Unread postby rockdoc123 » Fri 15 Jun 2018, 10:39:43

seems rocdoc123 also has trouble assimilating what tripling in 5 years means

Hansen's 5 metres by 2100 only assumed Doubling every decade


Apparently, both you and onlooker haven't read the paper ....did you? Perhaps you should do that.

And if you have specific arguments with my comments then you should actually point them out rather than posting another press release that actually misinterprets what the significance of the results are.

Perhaps you do not have any background in statistical analysis...as I said from the standpoint of statistical analysis there is no difference in the trend reported from 2007 - 2012 and the trend from 2012 - 2017. In short, there is no acceleration statistically speaking.

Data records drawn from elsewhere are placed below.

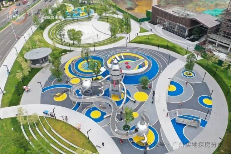 4、休闲设施:拥有4万平方米的星际广场,配备足球场、篮球场、儿童游乐区等全龄化设施,是网红打卡地。
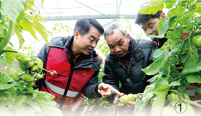 圖①:廣西壯族自治區(qū)融安縣大良鎮(zhèn)古蘭村,駐村第一書記(左)給農(nóng)戶講解番茄管護知識。
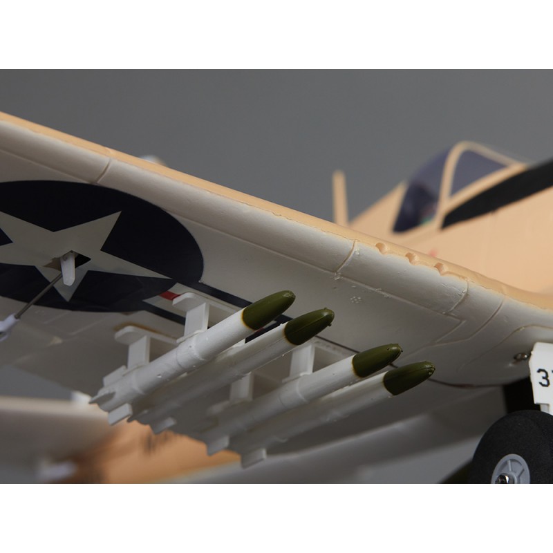 A propos : Le F4U Corsair fait partie de la gamme des mini-warbirds Derbee. En plus du F4U, un A-1 Skyraider et un P-51 Mustang sont aussi disponibles, à la même échelle et dans diverses couleurs.
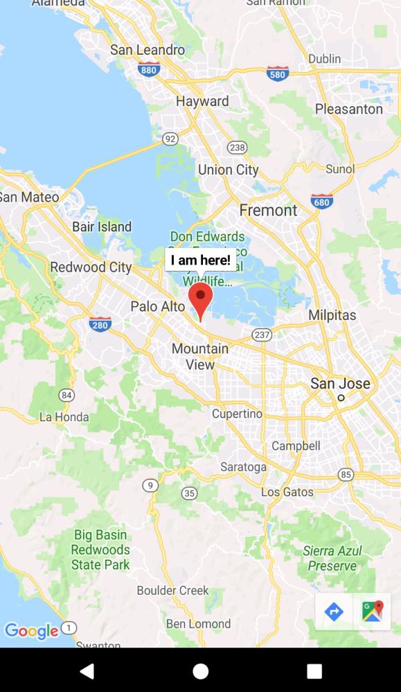 import android.Manifest; import android.content.pm.PackageManager; import android.location.Location; import android.os.Bundle; import android.widget.Toast; import com.google.android.gms.maps.CameraUpdateFactory; import com.google.android.gms.maps.SupportMapFragment; import com.google.android.gms.location.FusedLocationProviderClient; import com.google.android.gms.location.LocationServices; import com.google.android.gms.maps.GoogleMap; import com.google.android.gms.maps.OnMapReadyCallback; import com.google.android.gms.maps.model.LatLng; import com.google.android.gms.maps.model.MarkerOptions; import com.google.android.gms.tasks.OnSuccessListener; import com.google.android.gms.tasks.Task; import androidx.annotation.NonNull; import androidx.core.app.ActivityCompat; import androidx.fragment.app.FragmentActivity; public class MainActivity extends FragmentActivity implements OnMapReadyCallback { Location currentLocation; FusedLocationProviderClient fusedLocationProviderClient; private static final int REQUEST_CODE = 101 @Override protected void onCreate(Bundle savedInstanceState) { super.onCreate(savedInstanceState); setContentView(R.layout.activity_main); fusedLocationProviderClient = LocationServices.getFusedLocationProviderClient(this); fetchLocation(); } private void fetchLocation() { if (ActivityCompat.checkSelfPermission( this, Manifest.permission.ACCESS_FINE_LOCATION) != PackageManager.PERMISSION_GRANTED && ActivityCompat.checkSelfPermission( this, Manifest.permission.ACCESS_COARSE_LOCATION) != PackageManager.PERMISSION_GRANTED) { ActivityCompat.requestPermissions(this, new String[]{Manifest.permission.ACCESS_FINE_LOCATION}, REQUEST_CODE); return; } Task<Location> task = fusedLocationProviderClient.getLastLocation(); task.addOnSuccessListener(new OnSuccessListener<Location>() { @Override public void onSuccess(Location location) { if (location != null) { currentLocation = location; Toast.makeText(getApplicationContext(), currentLocation.getLatitude() + "" + currentLocation.getLongitude(), Toast.LENGTH_SHORT).show(); SupportMapFragment supportMapFragment = (SupportMapFragment) getSupportFragmentManager().findFragmentById(R.id.myMap); assert supportMapFragment != null; supportMapFragment.getMapAsync(MainActivity.this); } } }); } @Override public void onMapReady(GoogleMap googleMap) { LatLng latLng = new LatLng(currentLocation.getLatitude(), currentLocation.getLongitude()); MarkerOptions markerOptions = new MarkerOptions().position(latLng).title("I am here!"); googleMap.animateCamera(CameraUpdateFactory.newLatLng(latLng)); googleMap.animateCamera(CameraUpdateFactory.newLatLngZoom(latLng, 5)); googleMap.addMarker(markerOptions); } @Override public void onRequestPermissionsResult(int requestCode, @NonNull String[] permissions, @NonNull int[] grantResults) { switch (requestCode) { case REQUEST_CODE: if (grantResults.length > 0 && grantResults[0] == PackageManager.PERMISSION_GRANTED) { fetchLocation(); } break; } } }
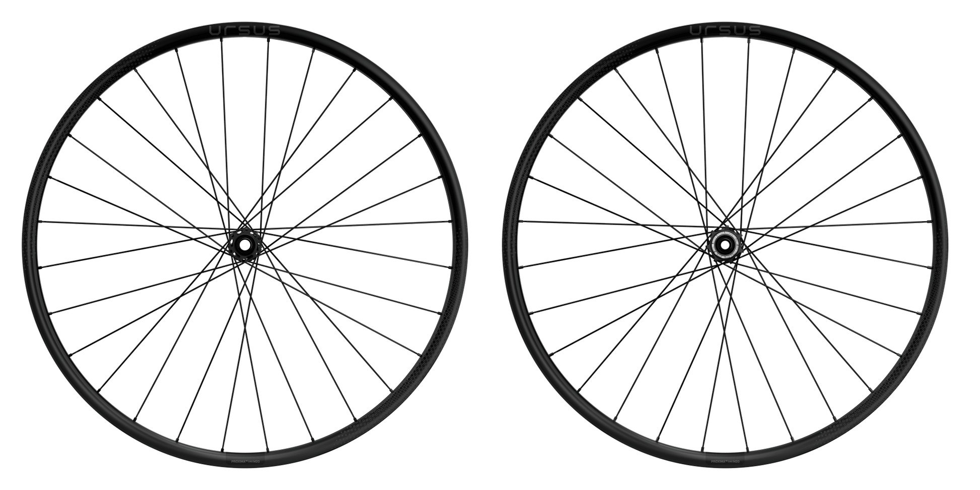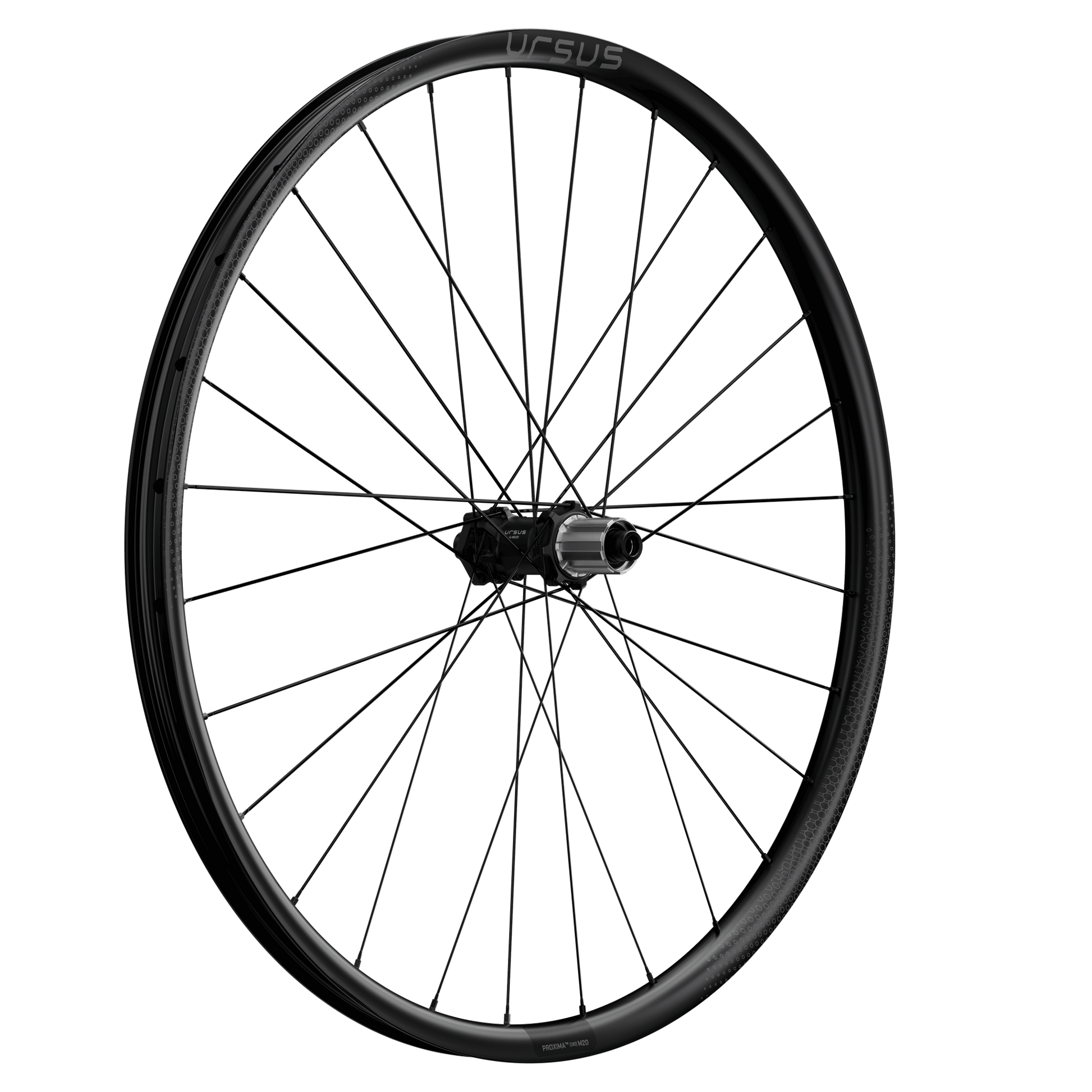 The Proxima M uses superlight hookless rims with aluminum nipples to simplify maintenance and reduce weight. It maintains balanced stiffness thanks to high-tension spokes, ensuring efficient load distribution and responsive acceleration. XC hubs with oversized flanges, designed to manage braking forces, are paired with three-cross straight-pull spokes: a plus in strength and reliability for competition wheels.
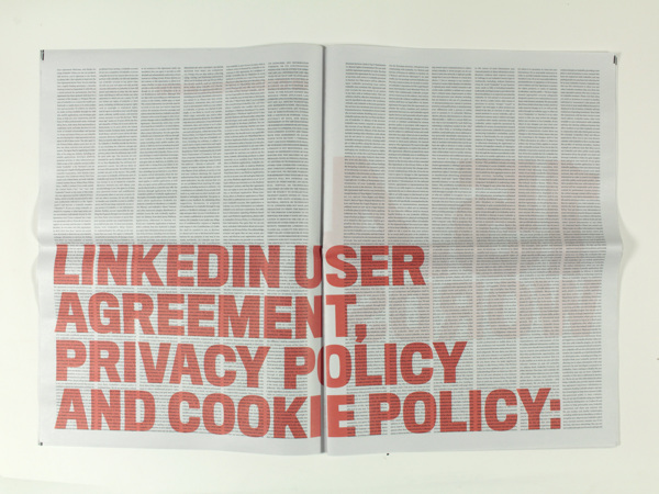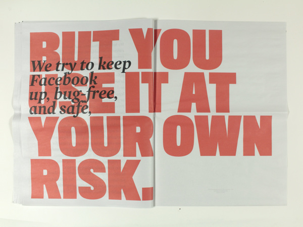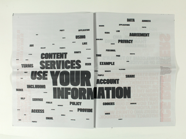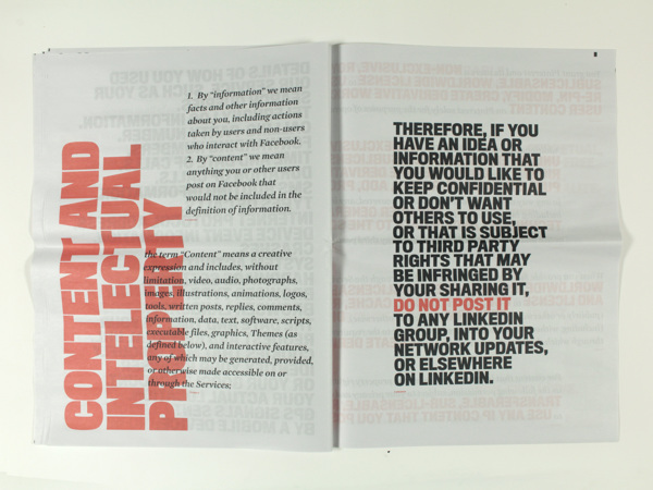 It's a newspaper that has the aim to make explicit the content inside top 6 social network's terms of use. Project divided in three steps: 1. mapping of existing social networks and the ones that i am part of; 2. analyzis of the six most popular (Facebook, Twitter, Linkedin, Tumblr, Google+ and Pinterest) regarding format and content; 3. response creating this visual piece that highlights some key points of the research.
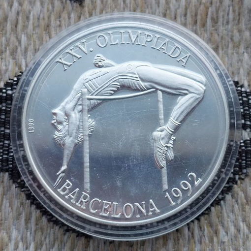 Куба 10 песо 1990 года, Рroof. "Олимпиада в Барселоне 1992 года". Прыжок в высоту. Герб. Серебро 925. Сторгуй за свою цену, предложи обмен!
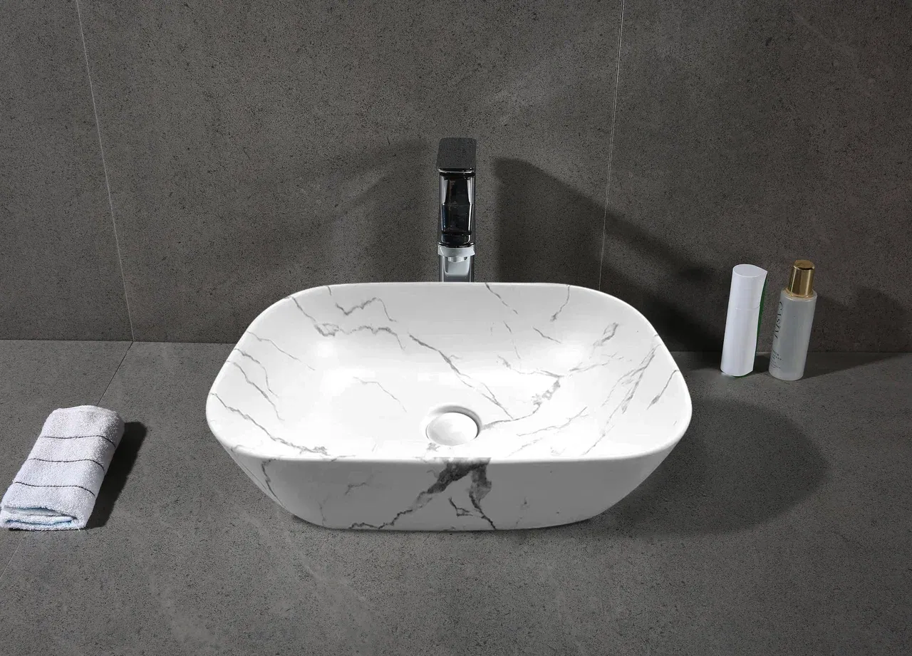 Раковина накладная Ceruttispa CR8215MMW 45см белый мрамор матовый купить

And as I said at the end, ignoring the statistical argument .....using the rate of accelerated decrease from the data set and ignoring the fact that over the last two years the rates have slowed considerably (or simply put for the brain dead....taking the highest rate of SMB loss recorded) and continuing that as an acceleration of loss from current data results in 13 cm of sea level equivalent rise by 2100. If you can pull apart the math have at it but otherwise, your comments are pretty much irrelevant. For the math challenged such as yourself 13 cm is about 1% of the 7 m someone claimed. If you want to argue this level of sea level rise you need to go someplace else as the data in Antarctica certainly does not support it at this point in time. This is especially true if the actual decrease in loss over the entire continent since 2015 is a meaningful trend. And given Antarctica contributes about 17% of the total sea level rise then that 13 cm contribution becomes 76 cm globally by 2100 if all other areas (Greenland, glaciers, thermal expansion) accelerate contribution at the same rate.